Transcript: “Company Buybacks: Best Practices”

We have posted the transcript for our recent webcast: “Company Buybacks – Best Practices.”

Buybacks: Do Investors Think Companies Execute Them At Optimal Price?

Recently, Dave Bobker shared some of the interesting 360 research they are doing at Rivel Research Group regarding buybacks. One question they asked buy-side investors is: “what percentage of the time do companies execute buybacks at an optimal price?” For the US, 52% of investors said that buybacks were executed optimally 20-49% of the time; 25% said less than 20% of the time; 15% said a majority or more of the time. And 7% said they were uncertain. Globally, it was believed that 31% of time was executed optimally. Not that great a perception.

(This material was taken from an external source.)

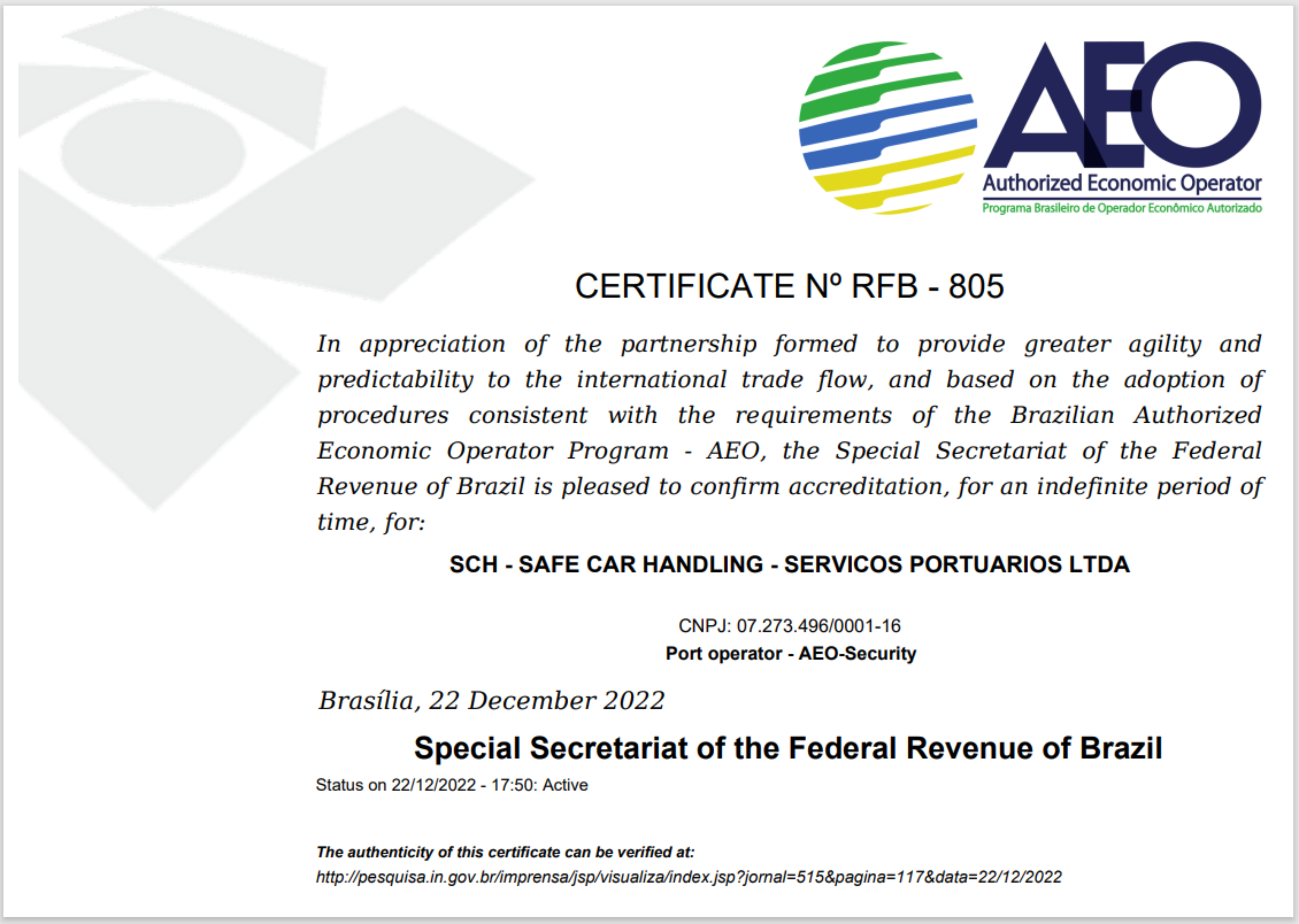 Após atestar o cumprimento de todos os requisitos e critérios, estando em Conformidade Aduaneira e de Segurança da Cadeia Logística, recebeu da Receita Federal do Brasil (RFB) o Certificado de Operador Econômico Autorizado - OEA (Authorized Economic Operator - AEO) concedido pelo governo brasileiro para empresas de comércio exterior que apresentem baixo risco.

Rivel also asked investors about what type of message it sends when a company announces a buyback. The findings can be summarized as:

– To the global buy-side, announcing a buyback is an unambiguous signal that a company believes its stock is undervalued.
– It is also a sign to many (about one in four) that management has few strategic options at its disposal for using the excess cash on the balance sheet.
– Only rarely is it seen as being implemented purely as a reward to shareholders or to enhance shareholder value.

By the way, this WSJ article talks about “return on invested capital” (aka ROIC) as a way to better measure how a company is doing with its strategic planning – and here’s a McKinsey piece about how buybacks boost earnings without improving returns…

Shareholder Proposals: Buybacks & Executive Pay

With criticism about the impact of buybacks on executive compensation in the news, it appears that the AFL-CIO & other investors are sending shareholder proposals to some companies on this topic. Here’s an excerpt from this Cooley blog:

Now, the AFL-CIO and others are beginning to take steps to eliminate what they view as one of the motivations for buybacks — or at least one of the side effects. For 2016, the AFL-CIO (and entities apparently acting on its behalf) has submitted a new shareholder proposal asking companies to adjust executive pay metrics to exclude the impact of stock buybacks. According to this AFL-CIO publication, the proposals were submitted this year at IBM, Illinois Tool Works, 3M and Xerox.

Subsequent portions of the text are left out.